Эдриенн Тули

Сладкая горечь магии

Вам, если вам это нужно.

Никогда не сомневайтесь, что вы достойны любви.

1. Тэмсин

Соль казалась Тэмсин пресной. Когда-то она имела смысл, если щедро присыпать ею вареные яйца или копченую рыбу. Теперь соль была на вкус точно такой же, как и все остальное — как отчаяние и шепот далекого пламени. Такой же, как и вся эта постылая, бессмысленная жизнь.

Посетительница выжидательно смотрела на Тэмсин. Та покачала головой:

— Соль твоих слез мне не нужна, — и сунула коричневый мешочек обратно в дрожащую руку женщины.

— Но моя кормилица говорила… Такова была цена ведьмы в Уэллсе. — Глаза женщины будто готовились исторгнуть еще больше соли.

С лицом пустым, как доска, Тэмсин моргнула.

— Так иди к ведьме из Уэллса.

Она знала, что женщина не пойдет.
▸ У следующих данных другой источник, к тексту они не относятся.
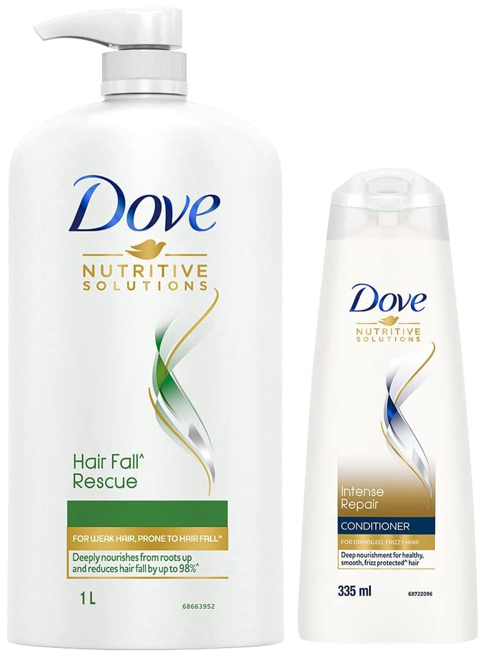 Dove Hair Fall Rescue Shampoo For Weak Hair 1 LtrWe love the feeling of beautiful hair â but daily hair damage can leave your hair prone to breakage. Let hair fall* be an issue of the past! Use the Hair Fall* Rescue Shampoo from Dove regularly to get thick and luscious looking hair as the Dove shampoo works to reduce hair fall by up to 98%*. Specially formulated for better hair fall* control Dove Nutritive Solutions Hair Fall* Rescue Shampoo strengthens and nourishes fragile hair from roots up. Perfect as a daily hair fall* solution this unique formula fortifies strands to reduce hair fall*. Enriched with Nutrilock Actives our best shampoo for hair fall* immediately helps seal cuticles and strengthens strands to help minimize hair fall due to breakages leaving them looking fuller**. Healthier looking hair means lesser breakage and reduced hair fall*! Buy Dove Hair Fall Rescue Shampoo and forget your hair fall* troubles. Leaves your hair feeling strong and beautiful day after day. Say no to hair fall* worries and do more in life. Dove Hair Fall* Rescue lets you be stronger bolder and closer every day.*Hair fall refers to hair breakage**Hairfall due to breakage Based on a lab test with Dove Hair Fall Rescue System vs non-conditioning shampoo Dove Intense Repair Hair Conditioner 340 ml With Keratin Actives to Smoothen Dry and Frizzy Hair - Deep Conditioner for Damaged Hair for Men & WomenDoes your hair get frizzy and unmanageable? Are you left wishing for a remedy to fix your frizzy tassels? Do you want to know the secret to fixing frizzy hair? Try New Dove Intense Repair Conditioner. Control frizz with a nourishing conditioner thatâs formulated to nourish and help with frizz prevention. Formulated with Keratin Actives Dove Intense Repair Conditioner helps to nourish dry and frizzy hair with two-way care. It controls external signs of dryness in the form of frizz while nourishing strands to help them look their best. This conditioner for frizzy damaged hair leaves hair visibly smooth and more manageable â giving you smoother hair* that you will be proud of. Use it after your shampoo on damp hair for best results. This nourishing conditioner works immediately to smoothen the hair surface deeply nourishing to moisturize hair strands for healthier looking and smoother*hair use Dove repair conditioner. With every use youâll be left with shiny and beautiful hair. Buy New Dove Intense Repair conditioner and treat your hair to a look that will be the cause of envy among all your friends. Dove Conditioners for 100% care. *Based on lab test with Dove Intense Repair system vs non-conditioning shampoo

Тэмсин была в двенадцать раз сильнее, чем ведьма из Уэллса, и об этом знали все, включая эту ломаку.

Женщина широко распахнула глаза.

— Но… мой ребенок…

Она протянула вперед неподвижный сверток. Тэмсин, не обратив на него внимания, повернулась к очагу, где яростно ревел огонь, несмотря на жару середины лета. Язычки пламени плясали весело. Насмешливо. Огонь не помогал прогнать стужу из костей Тэмсин. Она плотнее завернулась в шаль, длинные волосы окутали ее, но ничегошеньки не изменилось. Она замерзала.

Огонь потрескивал. Женщина хныкала. Тэмсин ждала.
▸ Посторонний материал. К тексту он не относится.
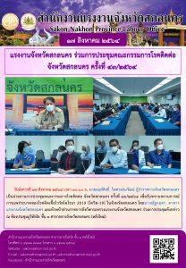 แรงงานจังหวัดสกลนคร ร่วมการประชุมคณะกรรมการโรคติดต่อ จังหวัดสกลนคร ครั้งที่ ๔๓/๒๕๖๔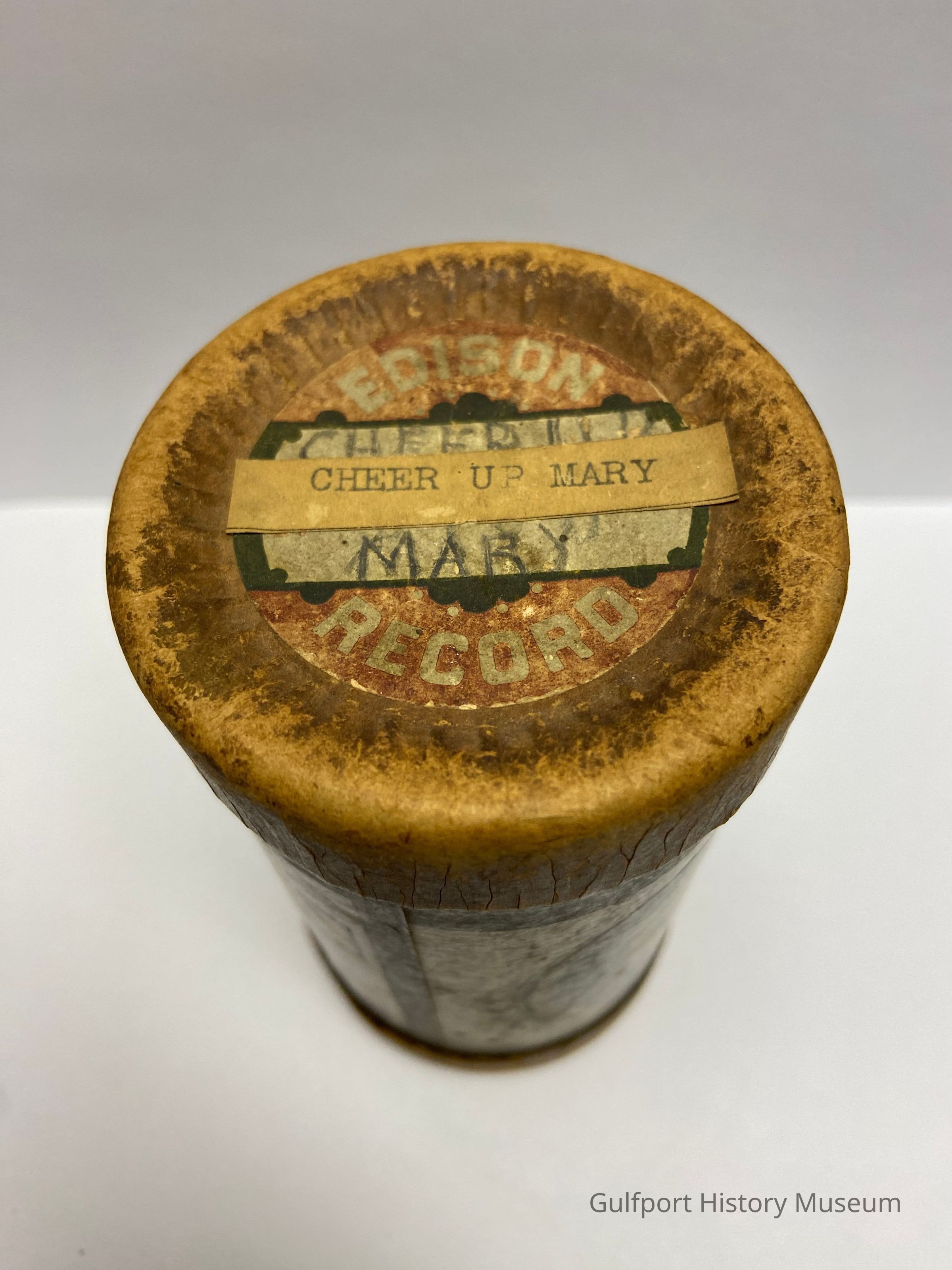An Edison Gold Moulded wax cylinder and container. Cylinder is broken and does not match container. Cylinder: My Irish Rosie, Edison 9484 (1907) Container: Cheer Up Mary, Edison 9403 (1906/1907)

— Прошу тебя… — голос женщины сорвался, мольба перешла в кашель, в отчаянный стон. — Прошу, спаси моего сына!

Тэмсин не обернулась. Женщина уже почти была готова, почти готова произнести те слова, которые Тэмсин хотела услышать.

— Я сделаю что угодно.

Губы Тэмсин изогнулись. Она обернулась и жестом велела отдать ей сверток из одеял. Женщина помедлила, тревожно бегая глазами по вещам, которыми был завален деревянный стол: дымчатые кристаллы с острыми гранями, пучки шалфея и лаванды, перевязанные белой нитью, пухлые книги в кожаных обложках, с бежевыми листами, исписанными черными чернилами.

Разумеется, ни в чем из этого Тэмсин не нуждалась. Ведьмы сами по себе были сосудами, что собирали природную магию из окружающего мира и направляли ее в нужное русло. Однако за почти пять лет служения горожанам Лэйдо Тэмсин поняла, что большинству легче, когда они могут отыскать в доме ведьмы что-то, на чем можно сосредоточиться. Что-нибудь, кроме нее самой.
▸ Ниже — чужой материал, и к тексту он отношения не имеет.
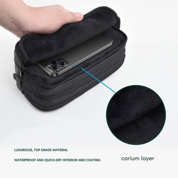 تحتوي الحقيبة على جيوب متعددة توفر مساحة كافية لحمل أدواتك المختلفة، بما في ذلك جهاز وغيره من الأدوات الأساسية. بالإضافة إلى ذلك، يمكن استخدام الحقيبة كمجموعة فاخرة للعناية الشخصية، حيث تتوفر فيها مساحات مخصصة لتخزين مستلزماتك الشخصية.
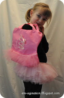 A few years ago a friend of mine was telling me about a bag she saw at one of her daughter Maya's ballet classes and after describing it to me she asked if I thought I could make it. I thought sure, I wish I had been able to look at the bag in person to get a better idea of what I would be making but she told me it was a bag that essentially looked like a little ballerina leotard with a tutu. With that description I set out to make a bag for Maya that looked like the one they had seen. My first attempt, I thought was very successful and it was wrapped up and delivered to cute little Maya for her birthday, never to be thought of again. Fast forward to last week when I was cleaning/organizing my stash and I came across 2 extra outer pieces I had cut for the bag and I remembered oh, that was a cute bag, I should make another one and blog about it so that is what I am doing.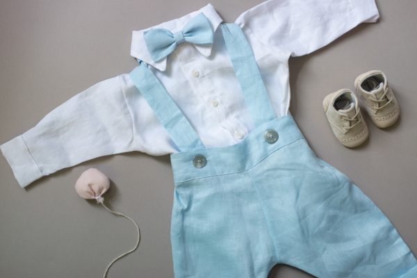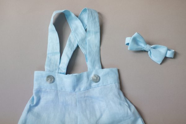 Pantalonul + Papionul Marcel sunt realizate dintr-un in premium, bleu, moale si placut la atingere, fiind un set ideal pentru ceremonie.

Ребенок не шевельнулся, когда мать передала его в руки Тэмсин. Та пальцем отодвинула одеяльце с детского личика болезненного желтовато-серого цвета, особенно заметного на фоне бледной кожи ведьмы. В тельце ребенка бушевал такой жар, что она почти ощущала это тепло. Температура у него была куда выше, чем могло вынести маленькое детское сердечко.

Тэмсин тихонько проворковала ребенку какую-то чепуху. Затем взглянула на его мать, словно о чем-то вспомнив.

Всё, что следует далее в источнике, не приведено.